Estrarre con 3*100 ml di acetato di etile. Rompere l'emulsione con una soluzione satura di cloruro di sodio, asciugare su solfato di sodio anidro, filtrare e far evaporare il solvente. Questo è il vostro L-PAC.
Spiegazioni:
Tampone citrato: viene utilizzato per mantenere un pH stabile, poiché la crescita della cellula lo abbasserà nel tempo (non va bene). Per preparare questo tampone, seguire le procedure indicate da questa calcolatrice: https://www.aatbio.com/resources/buffer-preparations-and-recipes/citrate-buffer-ph-3-to-6-2. Non dimenticate di portare il pH a 6.
Temperatura: consente una maggiore attività metabolica del lievito.
Etanolo: utilizzato per sciogliere la benzaldeide e l'acetaldeide e per aumentarne la biodisponibilità.
Acetaldeide: utilizzata come accettore di idrogeno al posto della benzaldeide, limitando così la produzione di alcol benzilico.
Si tratta di una procedura facile che quasi tutti possono seguire dopo un po' di letture sulle tecniche sterili standard, ma che dà rese inferiori rispetto all'altra (tra il 20 e il 40%). È possibile migliorarla con una migliore aerazione utilizzando l'agitazione orbitale a 150 giri/minuto o pompando aria sterile nel terreno di coltura, con 1 litro di aria per litro di terreno al minuto, oppure immobilizzando le cellule in perle di alginato. Si può cercare su youtube, è molto facile da fare e può aumentare notevolmente la resa.
Secondo metodo:
Questo protocollo è più avanzato, ma può aumentare la resa fino al 60 o 70% se eseguito correttamente. Tuttavia, richiede più materiale. Anche se non è perfetto, è molto meglio.

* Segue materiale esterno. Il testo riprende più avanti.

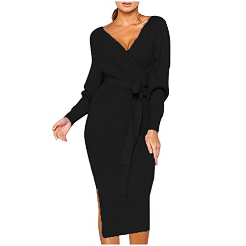 Stickade klänningar för kvinnor vinter långa tröjklänningar kvinnor elegant enfärgad V-ringad hög midja smal passform figurnära klänning med bälte lång tröja ledig klädsel festklänning, svart, XL

Questo metodo è stato progettato per il lievito Candida utilis invece che per S. cerevisiae. È possibile utilizzare il SC, ma la resa diminuirà. Potete acquistare il C. utilis qui: https://www.biomall.in/product/candida-utilis-atcc-9950-0779p-0779p
Procedura
Il terreno di coltura è composto da 10 g/L di urea (apporta azoto), 10 g/L di MgSO4 (apporta magnesio e zolfo) e da 50-70 g/L di zucchero, utilizzando la melassa. Sciogliere in un volume adeguato di tampone citrato 0,1 M pH 6.
Il giorno prima, inoculare una coltura iniziale di lievito e incubare a 30°C per tutta la notte.
Leggere la densità ottica (assorbanza) a 595 nm. Inoculare il reattore di fermentazione con il 15% v/v della coltura di partenza regolata a 0,4 OD. Esempio: per inoculare un contenitore da 1 litro, se la DO è stata misurata a 0,2, aggiungere 300 ml a 700 ml. Se la DO è già a 0,4, aggiungere 150mL a 850mL ecc... (240x106 cellule/ml nell'inoculo, vedi spiegazioni)
Incubare a 30°C con agitazione orbitale a 150 rpm o pompando aria sterile a 1 v/v/min. Se si pompa l'aria, si consiglia di aggiungere un'agitazione lenta.
Incubare fino a quando la DO non raggiunge un valore compreso tra 0,3 e 0,4. Dovrebbero essere necessarie dalle 4 alle 6 ore, ma possono essere di meno o di più. Controllare la DO ogni 30 minuti fino a raggiungere il valore desiderato.
L'aggiunta di benzaldeide avviene in dosi multiple. Per un campione di 50 ml, i volumi sono 68, 62, 56, 50, 43, 37, 31, 25. Aggiungere contemporaneamente un volume equivalente di acetaldeide. Attendere un'ora tra ogni aggiunta.
Estrarre con 1:2 toluene/media v/v, evaporare.
Spiegazione:
Densità ottica: si misura con uno spettrofotometro. Qui si legge l'assorbanza a 595 nm, che è proporzionale al numero di cellule in soluzione. Come regola empirica, ricordare 0,1 OD=60x10^6 cellule/mL.
Note generali:
Per l'aerazione, su piccola scala è meglio l'agitazione orbitale a 150 rpm. Su scala maggiore, è necessario far passare l'aria in bolle attraverso un filtro.
Nel secondo protocollo, l'aggiunta di benzaldeide viene effettuata in dosi multiple per aumentare la resa. La resa può essere ulteriormente migliorata iniettando continuamente benzaldeide in dosi decrescenti, ma questo è complesso da realizzare in un contesto amatoriale.
È possibile utilizzare benzaldeidi sostituite che produrranno l'analogo L-PAC corrispondente.
Infine, è possibile prendere in prestito alcuni elementi del metodo 2 e incorporarli nel metodo 1 per personalizzare il disegno sperimentale a proprio piacimento. Si tenga presente che è possibile utilizzare altri ceppi e specie, aumentando notevolmente le rese. Per ulteriori informazioni, si veda "Produzione di L-fenilacetilcarbinolo (L-PAC) da parte di diversi nuovi ceppi di lieviti in melassa e succo di canna da zucchero come mezzo di produzione" di Ravi et al.